In the previous benchmark, Azure achieved 85.7% accuracy, placing it in the middle of the evaluated systems. In the current benchmark, its performance increased to 90.52%, representing an improvement of approximately five percentage points.

This increase moves Azure into the top-performing group, placing it close to models such as Claude Sonnet 4.5 and Gemini 3 Flash.

Performance Decline in AWS

While several systems improved, Amazon Analyze Expense showed a noticeable decline in performance.

In the previous benchmark, AWS achieved 91.1% accuracy, placing it among the leading solutions. In the current benchmark, its accuracy decreased to 83.05%, representing a drop of roughly eight percentage points.

This is the largest negative shift observed among the evaluated systems and moves AWS from the top tier of performance into a lower position within the current benchmark.

Improvement in Google Document AI

Google Document AI also shows measurable improvement compared to the previous evaluation.

In the earlier benchmark, Google achieved 68.1% accuracy. In the current benchmark, its performance increased to 79.76%, representing an improvement of approximately 12 percentage points.

A key factor behind this improvement is the way item data is returned. In the previous benchmark, Google provided item information as full item rows rather than structured attributes. In the current benchmark, item attributes are available as separate structured fields, making comparison and evaluation more consistent with other systems.

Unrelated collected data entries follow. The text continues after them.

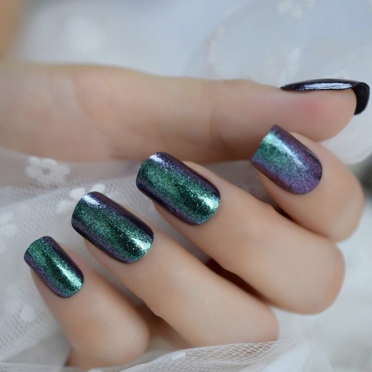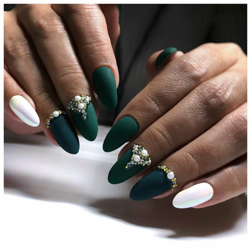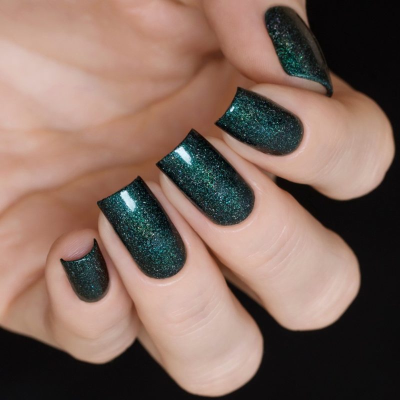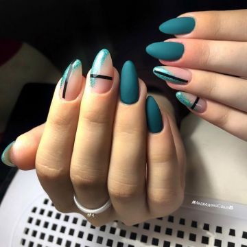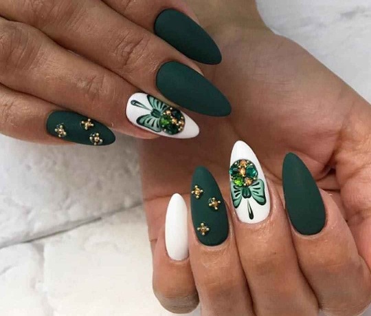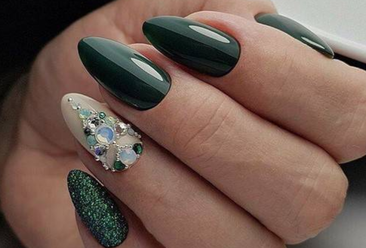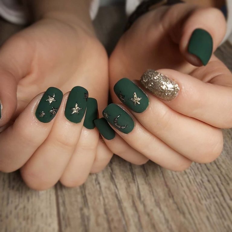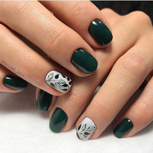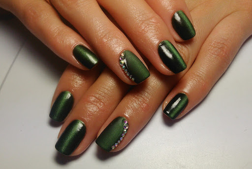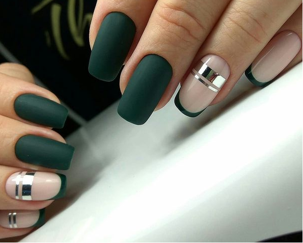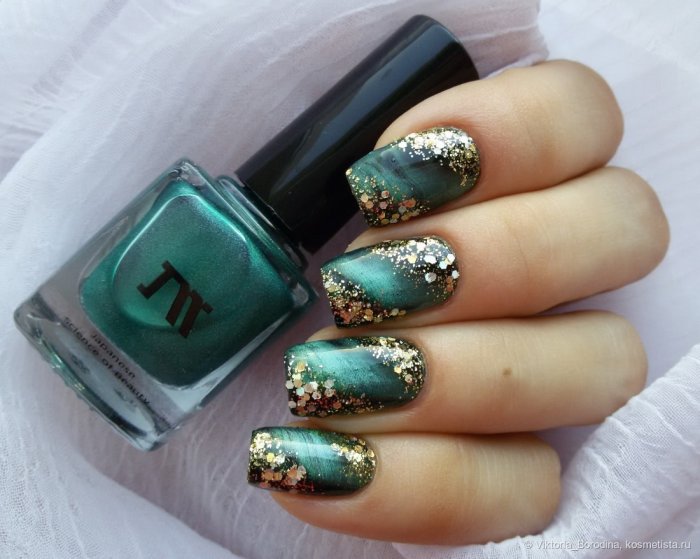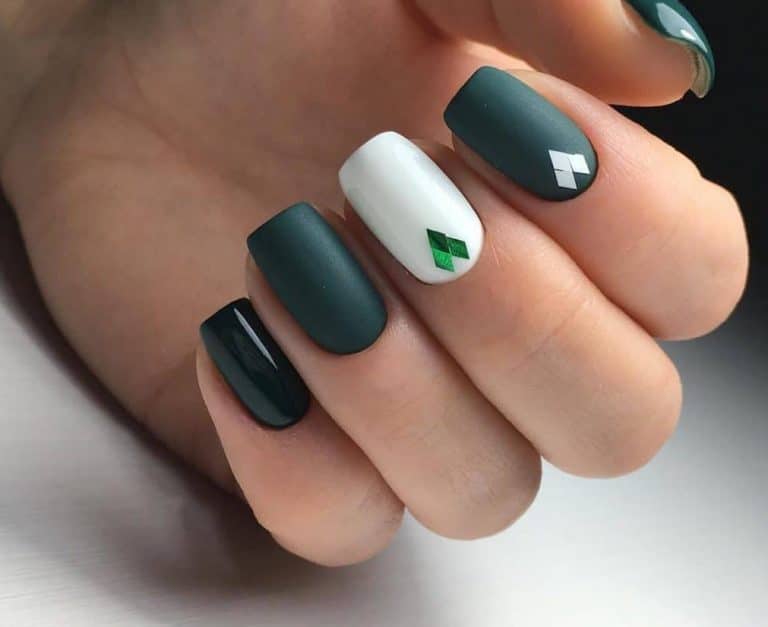 Благородный глубокий зеленый цвет безукоризненно гармонирует с бархатистым покрытием, уместным с вечерним и деловым образом. Однако такой дизайн не сочетается с чересчур броским нарядом. Темные матовые тона обладают изысканной глубиной и насыщенностью. Его можно слегка разбавить стразами, блестками, слайдерами.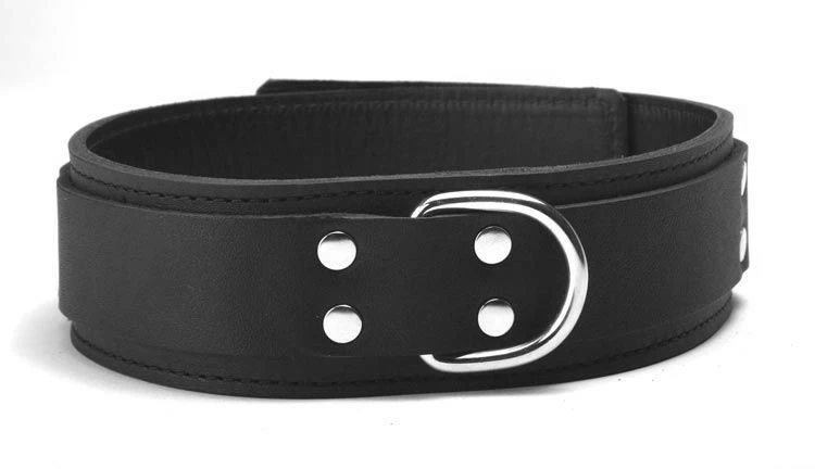 Quality construction and low price make this a great value. It measures 1.5 inches wide and fits necks from 12.5-17 inches. Solid steel d-ring in the front makes a great point of attachment for bondage or to be lead around on a leash.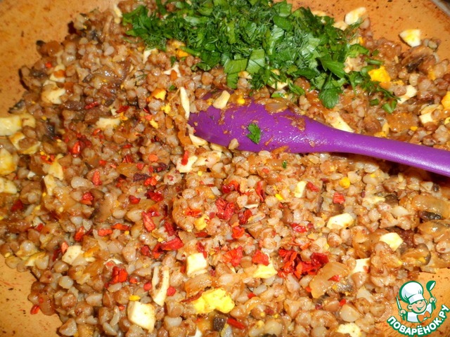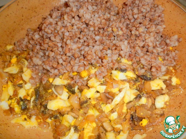 Снова перемешать и следом выложить отваренную гречку.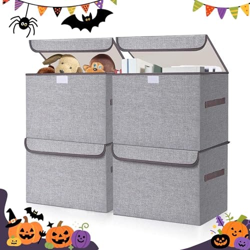Linen storage bins with flip-top lids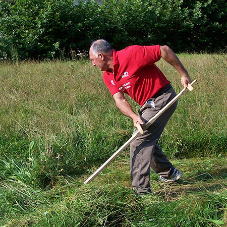 Siega del pasto fresco en zonas abruptas de montaña; se realiza a mano, con el uso del “dalle”, de forma tradicional.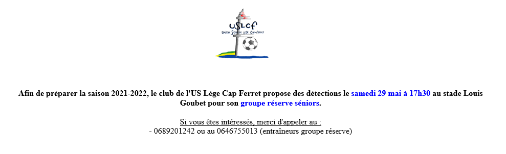 Annonces Lège-Cap-Ferret organise une détection pour sa réserve seniors © Foot-Gironde AnnoncesJoueurs Lège-Cap-Ferret organise une détection pour sa réserve seniors 25 mai 2021 0 FacebookTwitterWhatsAppEmailImprimer ARTICLES CONNEXESPLUS DE L'AUTEUR Annonces Recrute gardienne U 15 Annonces Club cherche coach gardiens Annonces Recherche poste secrétaire et ou administratif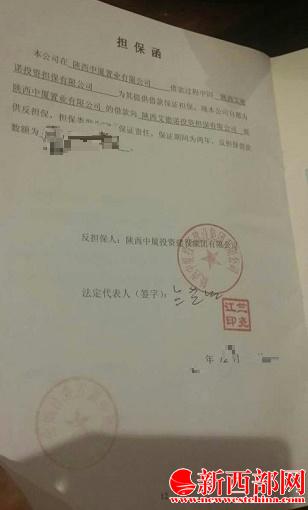 在投資者提供的借款合同中記者看到,許多人都是和“陜西中廈置業(yè)有限公司”簽的合同,而陜西艾德諾擔(dān)保有限公司則在合同中以“保證人”身份出現(xiàn)。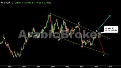 المضارب العربي / موجة تصحيحية علي EURUSD فريم الشهري قفز اليورو أكثر من نصف بالمئة يوم الجمعة بعدما ترددت في أسواق العملات أصداء تعليقات مسؤولين أمريكيين كبار هذا الأسبوع عبروا فيها عن دعمهم لضعف الدولار. هذا الصعود الأخير أدي الي اقتراب السعر من الحد العلوي للقناة الهابطة الواضحة علي فريم الشهري.…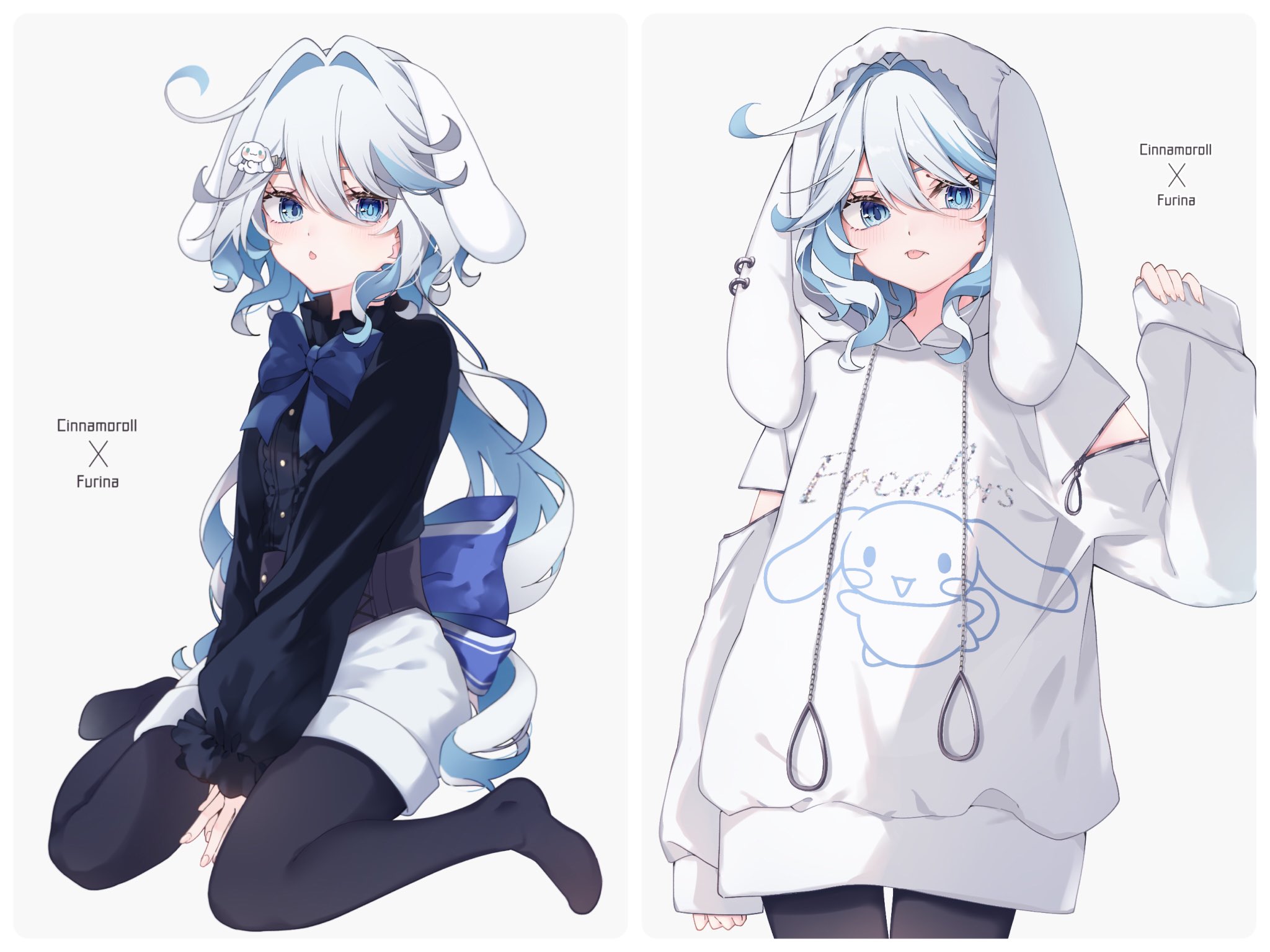 1girl :o animal_ears blue_eyes cinnamoroll fake_animal_ears furina_(genshin_impact) fuwa_fuwa_cinnamoroll genshin_impact highres hood hoodie long_hair mismatched_pupils multicolored_hair open_mouth pantyhose pomepome1207 sanrio shorts two-tone_hair white_hoodie

Note that Google still performs below the leading models in the benchmark.

Increasing Separation Between Multimodal LLMs and Classical OCR Pipelines

The results of the current benchmark show a clearer distinction between multimodal LLM-based systems and traditional document AI services.

Models like Claude Sonnet 4.5, Gemini 3 Flash, Gemini 3 Pro, and the GPT variants generally achieve higher accuracy levels than classical OCR-based pipelines such as AWS, Azure, and Google Document AI.

While traditional document AI systems remain competitive, particularly in the case of Azure, multimodal models demonstrate a stronger ability to interpret document layouts and extract structured information.

Comparable Performance Between Large and Lightweight LLM Variants

Another interesting observation from the benchmark is the relatively small performance difference between large and lightweight language models.

For example, GPT 5.2 and GPT 5 Mini achieved very similar accuracy results, both around 88%. This suggests that invoice extraction tasks rely more on structured document interpretation than on advanced reasoning capabilities.

This suggests that invoice extraction may rely more on structured document interpretation than on advanced reasoning capabilities, reducing the performance benefit of larger model sizes for this task.

Conclusion: AI Invoice Processing in 2026

This benchmark highlights several clear developments in AI-powered invoice extraction.

Gemini 3 Pro sets a new benchmark for accuracy: with 94.75% extraction accuracy, Gemini 3 Pro achieved the best performance among all tested systems, establishing a new top result for this benchmark series.
Multiple systems now exceed 90% accuracy: Azure AI Document Intelligence and Claude Sonnet 4.5 both achieved results above 90%, showing that several solutions are now capable of high-quality invoice extraction without custom training.
Multimodal LLMs continue to strengthen their position: Models such as Gemini, Claude, and GPT demonstrate strong capabilities in interpreting document layouts and extracting structured data directly from invoice images.
Lightweight models can remain competitive: The small gap between GPT 5.2 and GPT 5 Mini suggests that invoice extraction relies more on structured document interpretation than on complex reasoning, allowing smaller models to perform competitively.

Overall, the results show that AI-driven invoice processing is becoming increasingly reliable, with multiple systems now capable of delivering high extraction accuracy for real-world business documents.